Precision of parameter maps was estimated using coefficient of variation (CV (%), as ratio of standard deviation to the mean value × 100) for each individual parameter, where lower CV indicated a good precision. Combined CV (CVcomb) for a method was calculated by averaging the individual CV for all the four parameters of IVIM–DKI.

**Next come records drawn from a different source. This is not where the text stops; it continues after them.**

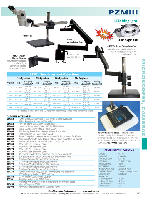 OPTIONAL ACCESSORIES 501352 PZMIII Binocular Body, pair of 10x eyepieces and eyeguards 13338 Ring Light Adapter NOT included 501353 Fan Post Stand with 76mm Focus Mount 502009 Universal Focus Mount, 76 mm ID for PZMIII Body 502004 Boom Stand (Heavy) without Focus Mount 502005 Ball Bearing Boom Stand (Heavy) without Focus Mount 504123 Post Extension for Heavy Boom Stand 502006 Boom Clamp Stand (Heavy) (requires 502009 Focus Mount for PZMIV) 502007 Articulated Arm with Table Clamp, without Focus Mount (50 cm clamp) 502163 Wall-Mount Plate, 6" × 6" (or 15.24 cm × 15.24 cm) 501369 Wide Field 10× Eyepieces (pair) 501370 Wide Field 15× Eyepieces (pair) 501371 Wide Field 20× Eyepieces (pair) 501372 Wide Field 25× Eyepieces (pair) 504128 10× Eyepiece with Reticle (matches 10× eyepiece on PZMIII) 504129 20× Eyepiece with Reticle (matches 20× eyepiece 501371) 501373 0.3× Long Working Distance Objective Lens 501375 0.5× Long Working Distance Objective Lens 501376 0.75× Long Working Distance Objective Lens 501377 1.5× Long Working Distance Objective Lens 501378 2.0× Long Working Distance Objective Lens 501379 PZMTIII Trinocular Body, pair of 10× eyepieces and eye guards 13338 Ring Light Adapter NOT included 501381 0.5× C-Mount CCD Camera Coupler 13338 Ring Light Adapter for PZMIII Series (included with all microscope configurations on previous page) 503051 Manual Stage for PZMIII 503102 76mm Rectangular Base Post Stand for PZMIII
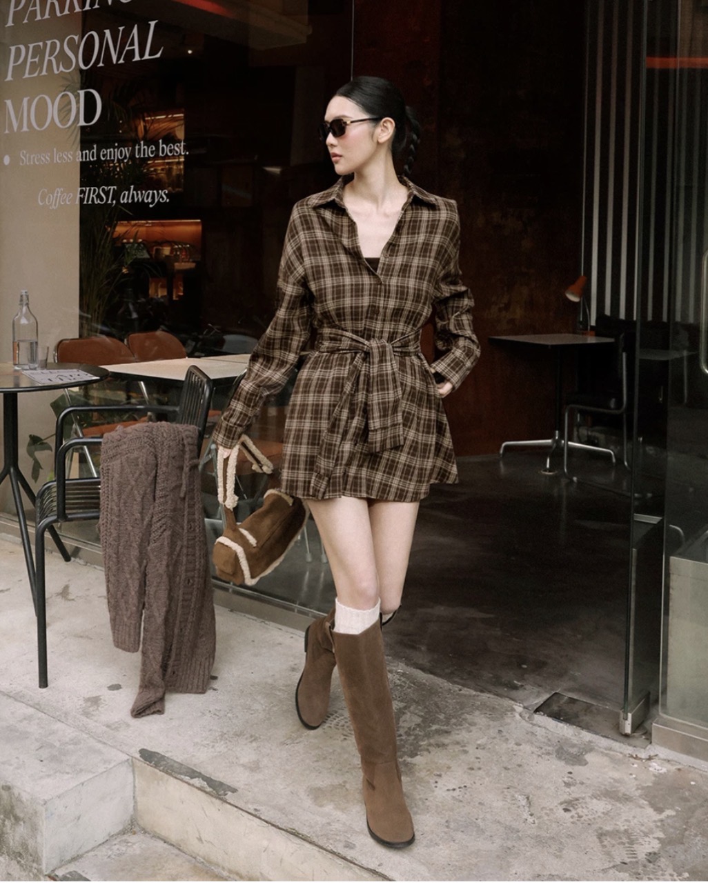 這款襯衫式洋裝採用復古感的格紋面料,略帶厚度適合秋冬季節穿著。腰間的袖子造型綁帶,綁法可隨心變化,創造出漂亮的腰部輪廓。短洋裝樣式,巧妙調整身形,穿出充滿活力的美式休閒風。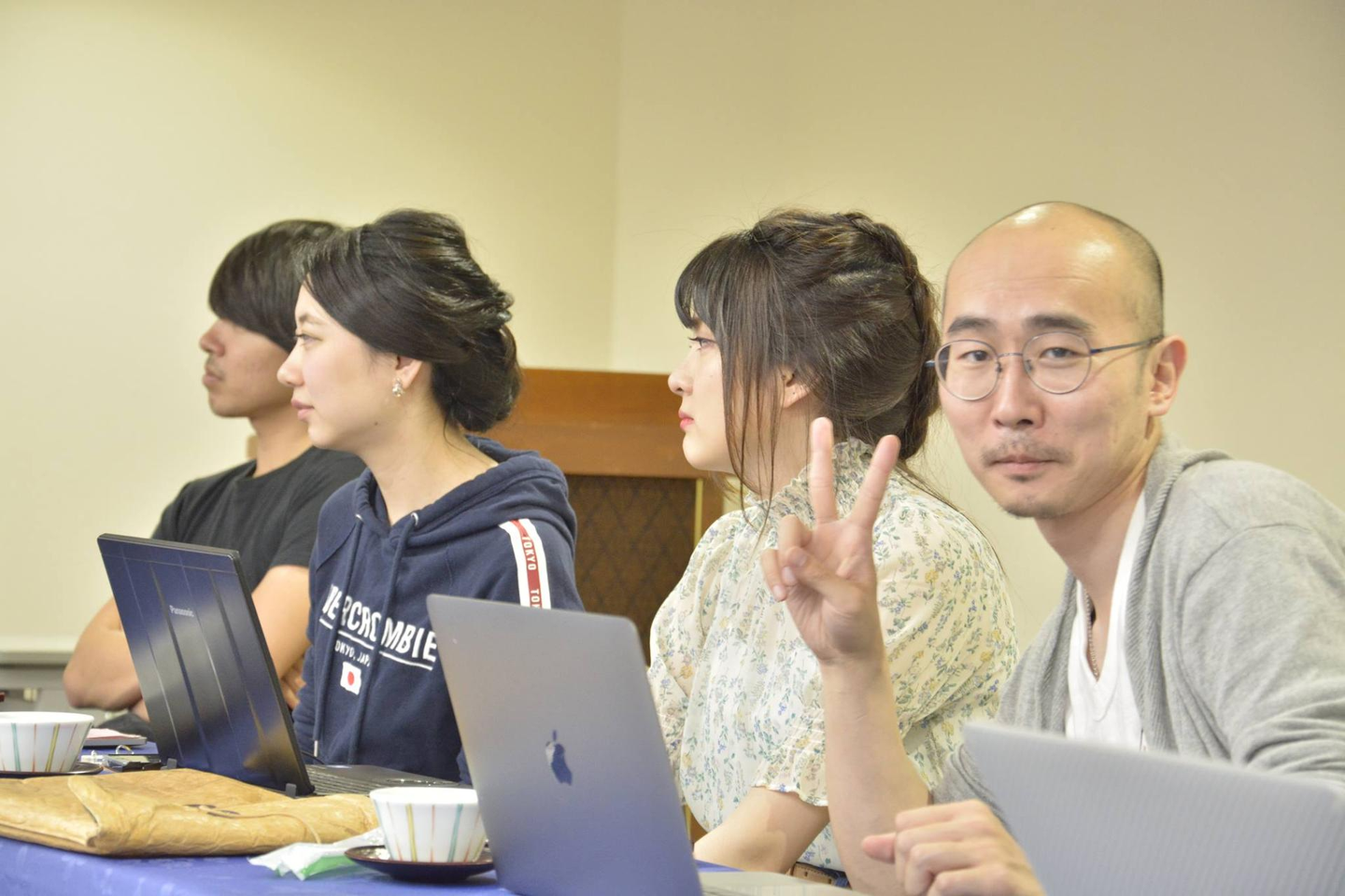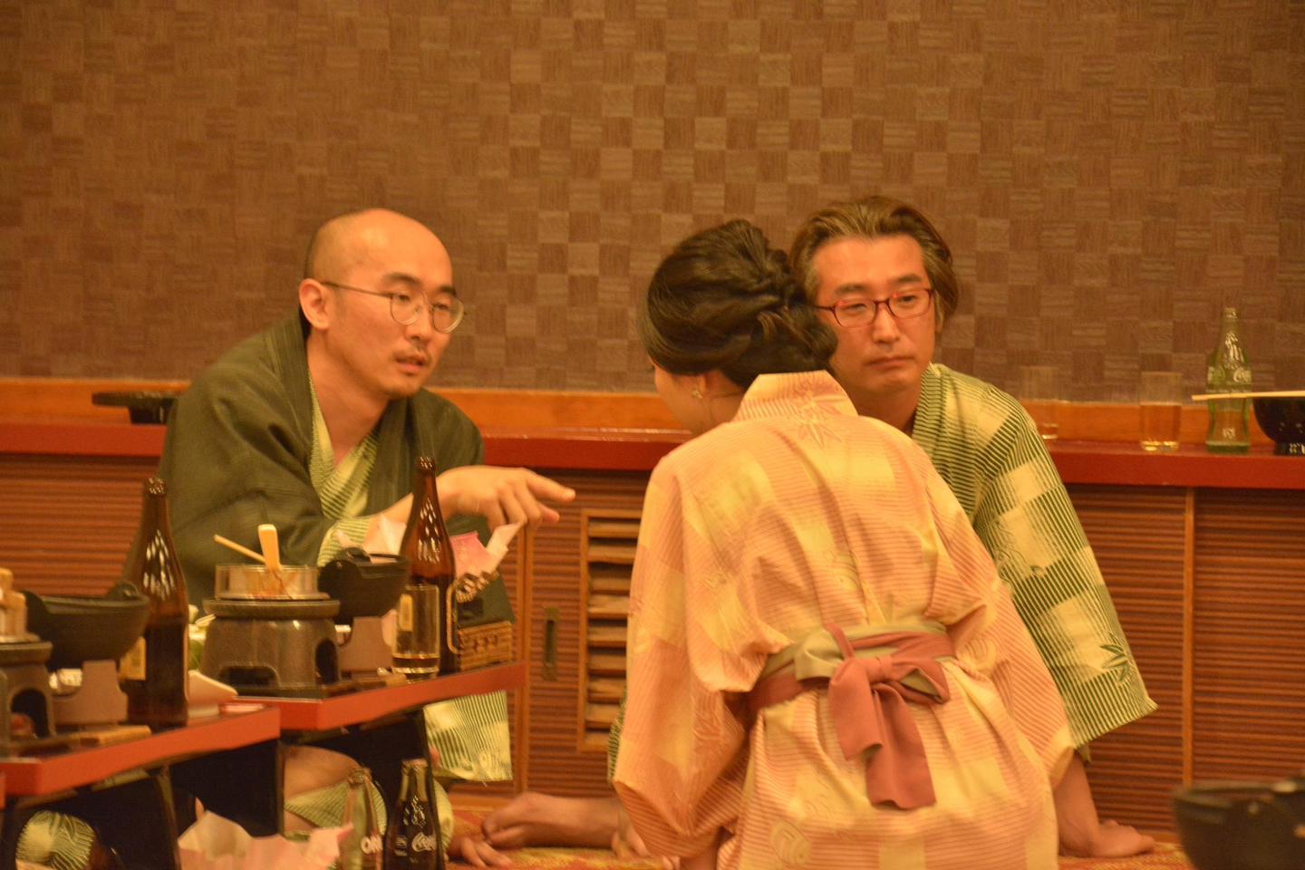 旅館についてすぐですが、みんなで一日の総まとめのため旅館で会議中。

Within-scanner agreement between parameters evaluated using novel model and traditional model was assessed using paired t-tests. Unequal variance t-test (unpaired with two-tail assumption) was used to compare significant (p value < 0.05) differences between the group measurements at 1.5 T and 3 T (i.e., between-scanner group differences).

Fitting quality of traditional and novel model was calculated for all ROIs using AIC (Akaike Information Criterion) and AICc (AIC corrected)[31].

One-way ANOVA with Tukey’s multiple comparison test was used to compute significant differences (p value < 0.05) between IVIM-DKI parameter values among healthy PZ, tumor, and BPH.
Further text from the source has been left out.